No quiero pensar que la palabra taxi, tan popular, tenga relación con la palabra taxidermia, que es el arte de preparar los animales muertos. Exactamente, su piel. La vejez me ha llevado a tomar más taxis que antes y a comprobar la diversidad de los taxistas. Es lógico, igual que son varios los médicos, los camareros, los escritores y los vecinos de la escalera donde vivo. Cuando hice un viaje a pie por Extremadura, un taxista me llevó desde el aeropuerto al pueblo de partida de la caminata.

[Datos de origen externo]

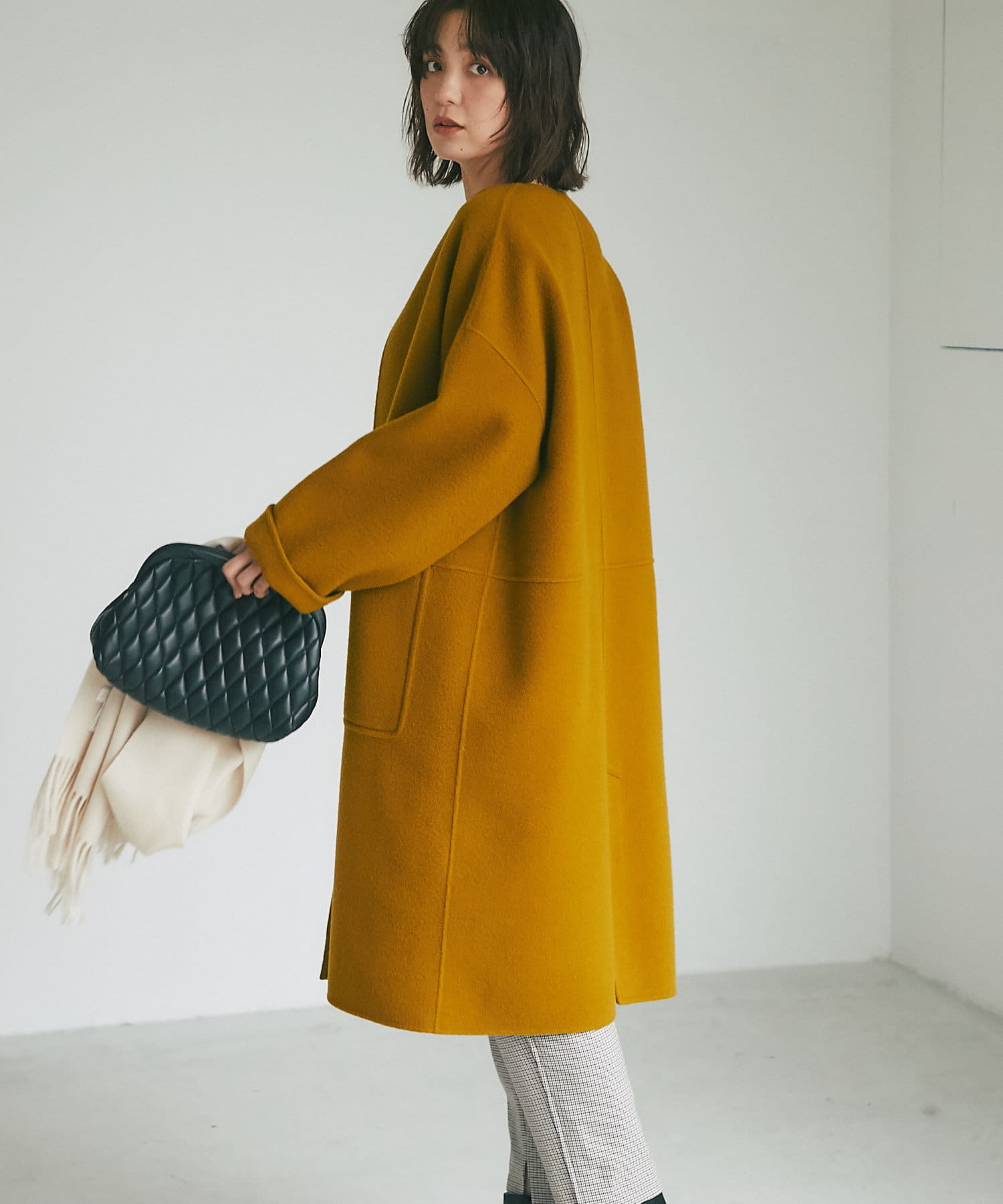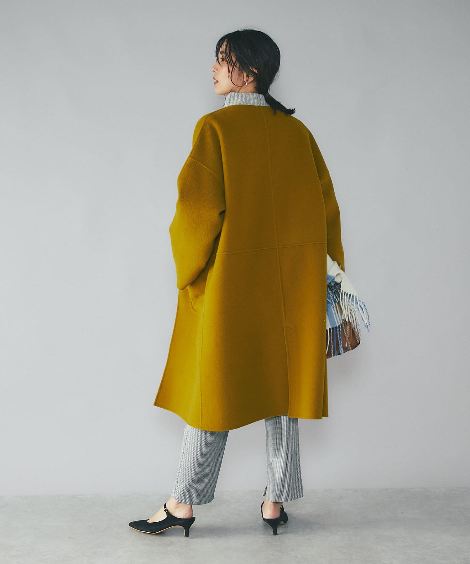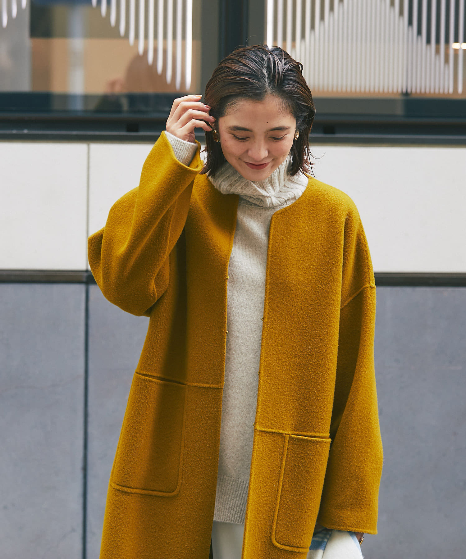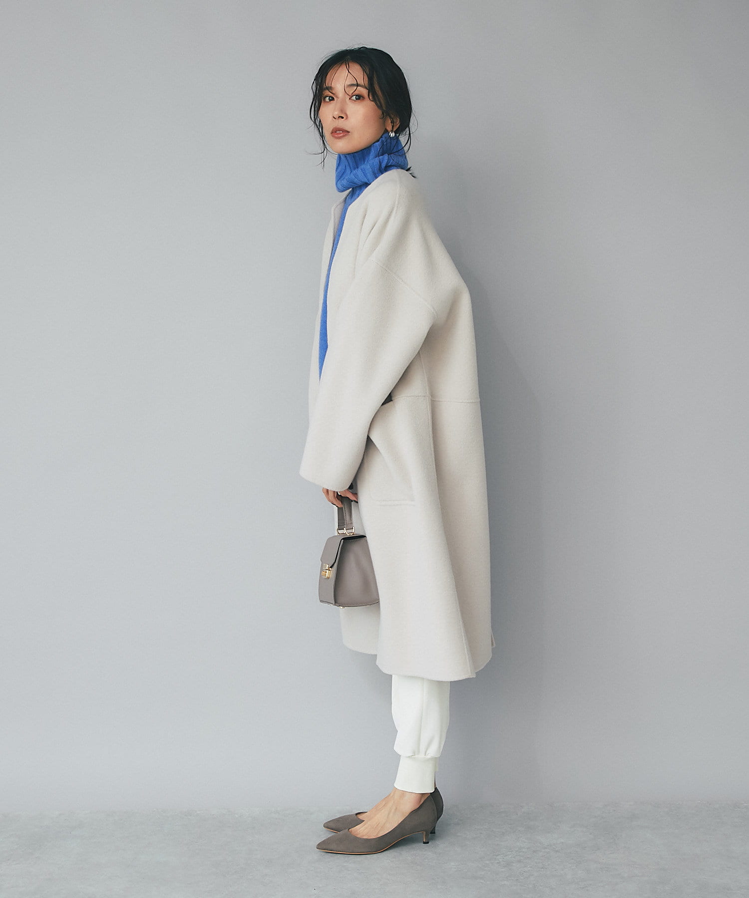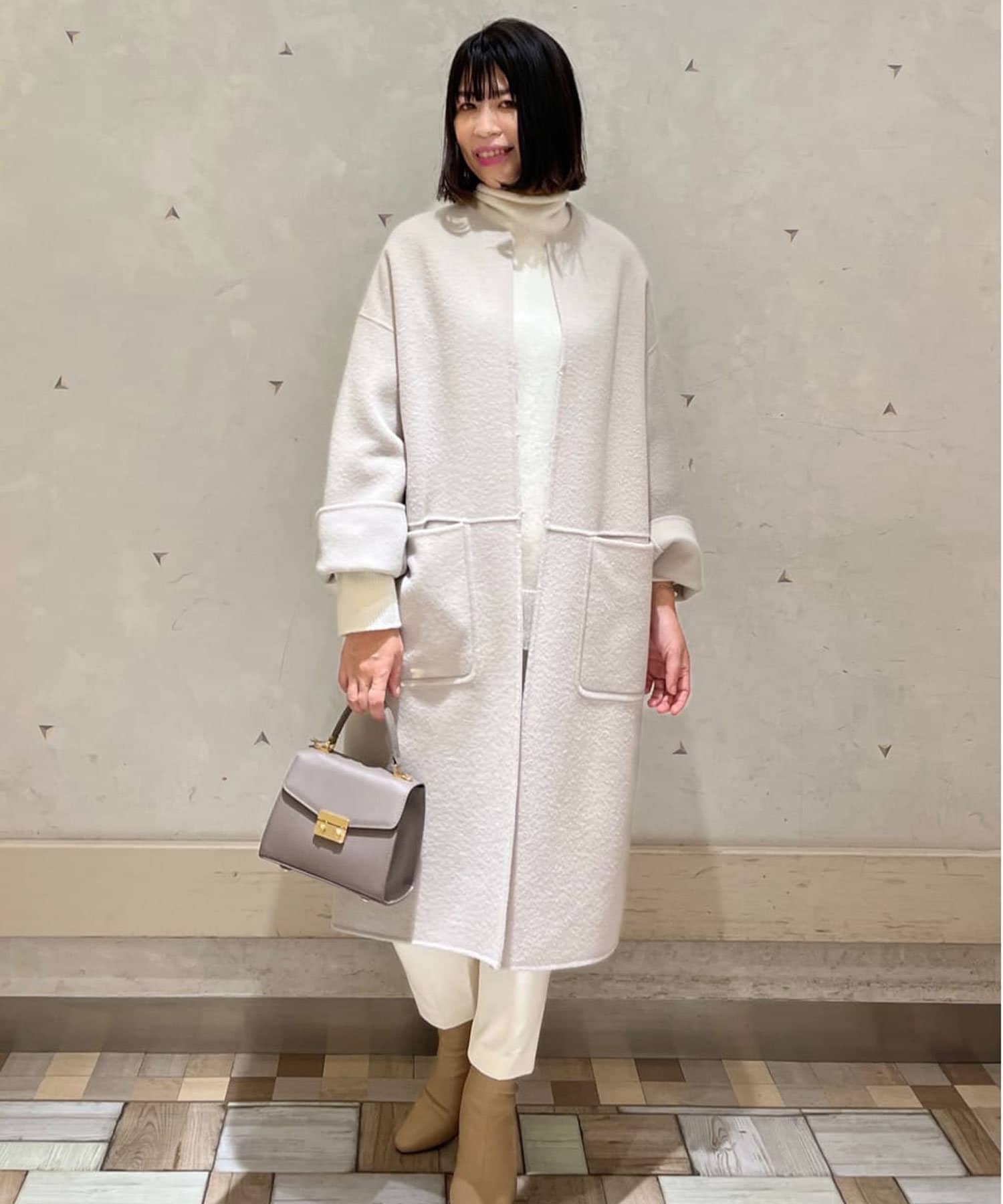 たっぷりした身幅は厚手のニットやインナーダウンと重ねても着膨れしにくく、シーズンを通してマルチに活用していただけます。                                                                      スタンダードなノーカラーデザインはインナーを選ばず、小物アレンジで印象を変えて着用できるところもポイント。                                                                             キレイめからカジュアルまで幅広く着用していただけます。

El hecho podría resultar insignificante, pero muy pronto el taxista rompió el silencio para decirme esto: «Enterré a mi chico antes de que cumpliera los 21 años». Se creó un brevísimo y durísimo silencio. Y luego añadió: «Por culpa de la heroína». La cara impasible -yo lo veía de lado-, y el lector comprenderá mi shock. Como yo no sabía qué decir, el taxista rompió el silencio: «La mala gente debería terminar con una indigestión de plomo». Qué manera de decir «fusilada». Evidentemente, era el taxista más singularmente dramático de todos los que me han acogido a lo largo de la vida. Y he encontrado bastantes. Los que no me contestan nada he de suponer que me han entendido. Por lo visto, a algunos les cuesta mucho decir «muy bien» o «de acuerdo». Hace tiempo, un taxista simpático me dijo: «Sí, señor, vamos allá». En Roma, un taxista me llevó de la estación de tren al hotel, y en el momento de pagar me pidió una cantidad exagerada. Le di un billete y le dije: «Ya está bien». Su protesta terminó cuando le dije: «¿Lo consultamos en el hotel?».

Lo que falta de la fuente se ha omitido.